Estudos em andamentoRTOG-0813(77): estudo de fase II, avaliando o escalonamento de dose em tumores localizados centralmente, menores que 5 cm (T1-2N0M0), para determinar a dose máxima e o perfil de toxicidade para o tratamento em 5 frações com SBRT. O protocolo também pretende definir taxas de controle local, sobrevida global e sobrevida livre de progressão em um contexto de avaliação multi-institucional. A fase de recrutamento já foi completada, mas ainda sem resultados publicados.

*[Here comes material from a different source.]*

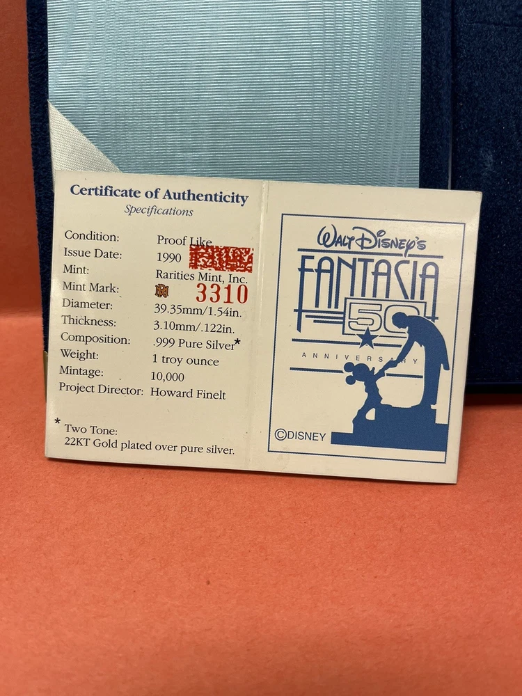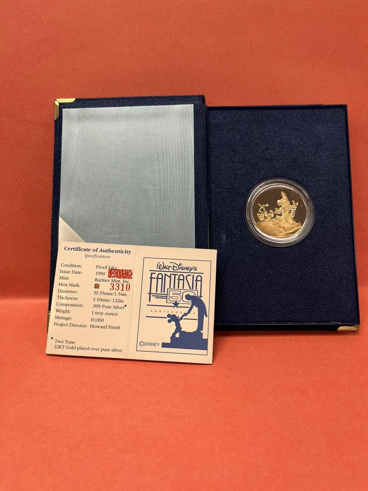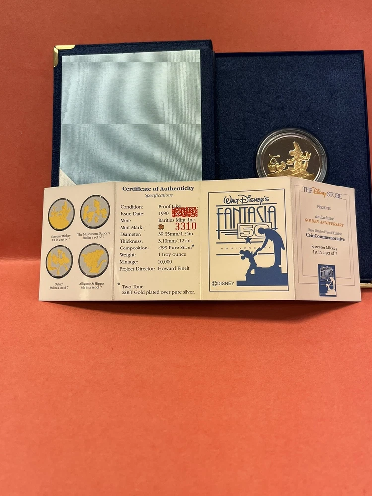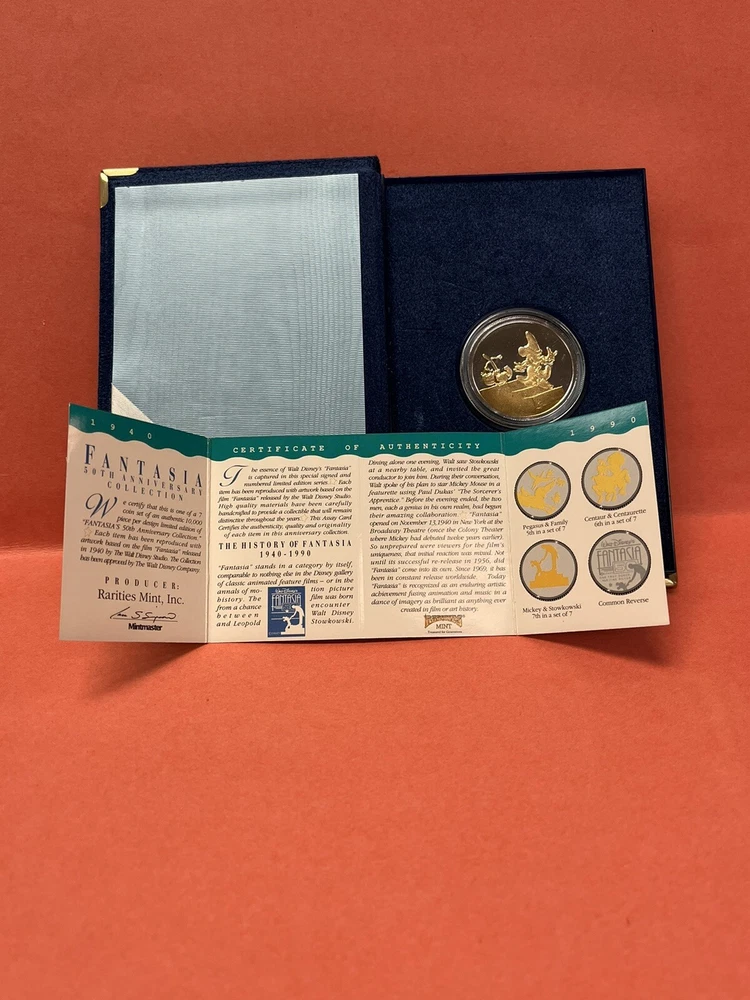Walt Disney Fantasia 50th Anniversary Collectors Coin Rarities Sorcerer Mickey 1990 In original case In great condition Certification inside Please look at pictures before purchasing to make sure you are happy. No returns thank you Enjoy looking at my other items in my store! Our History: From our family’s origins in Germany and South America and finally in our storefronts and clock repair shops for decades in the US, we’ve collected thousands of unique clocks, watches, parts and collectibles – 6 Generations of Merchandise Welcome to our long awaited presence on the web! All kinds of unique items for your pleasure! Check back often! We are constantly adding items and will be growing our online inventory slowly so come back. NOTE: ALL PICTURES ARE CONSIDERED PART OF THE ITEM’S DESCRIPTION – Please view them ALL prior to making your purchase General Store Policies: Please note that many of our listed items are antique, vintage and in general many years old. Therefore, please see ALL of the provided photos, as they are the most accurate description of what you are purchasing and are considered the item’s description! Paypal payment is expected within 48 hours of sale. Returns accepted only if we grossly misrepresented the item, or a 30% restocking fee applies. Buyer pays any return shipping. We are honest, hardworking people, and strive for your satisfaction. Please contact us to resolve any issues before leaving anything other than positive feedback. thanks for visiting!

RTOG-0915(78): estudo de fase II, em pacientes com CPCNP estádio I, considerados clinicamente inoperáveis. Os pacientes são randomizados para receber 34 Gy em uma aplicação ou 48 Gy em quatro aplicações.
Considerações finais1. A SBRT é uma opção terapêutica eficiente para CPCNP em estádios iniciais (Estádio T1/T2N0) e lesões menores que 5 cm.
2. Pacientes sem condições clínicas para cirurgia representam a principal população estudada. Entretanto, para pacientes que recusam cirurgia, essa opção de tratamento deve ser oferecida.
3. Tumores periféricos e centrais podem receber SBRT, com diferença apenas no fracionamento da dose.
4. Pacientes com lesões múltiplas ou irradiação prévia devem ser avaliados para SBRT.
5. Função pulmonar limitada e idade avançada não representam contraindicações para o procedimento.
6. O tratamento sem diagnóstico histopatológico de neoplasia pode ser indicado em situações especiais, a critério clínico, quando não for possível a biópsia.
7. O risco de toxicidade deve ser balanceado individualmente de acordo com a localização da lesão e o prognóstico do paciente.
8. O fechamento precoce de estudos randomizados comparando SBRT a cirurgia para pacientes operáveis demonstra a dificuldade de se realizar estudos de fase III sobre o tema. No entanto, as evidências originadas da união de dois desses estudos demonstram que a SBRT para pacientes operáveis pode ser, no mínimo, equivalente à cirurgia, tanto em relação a controle local quanto sobrevida, apresentando ainda menor toxicidade.
9. A avaliação multidisciplinar é fundamental na decisão terapêutica, no tratamento e no seguimento desses pacientes.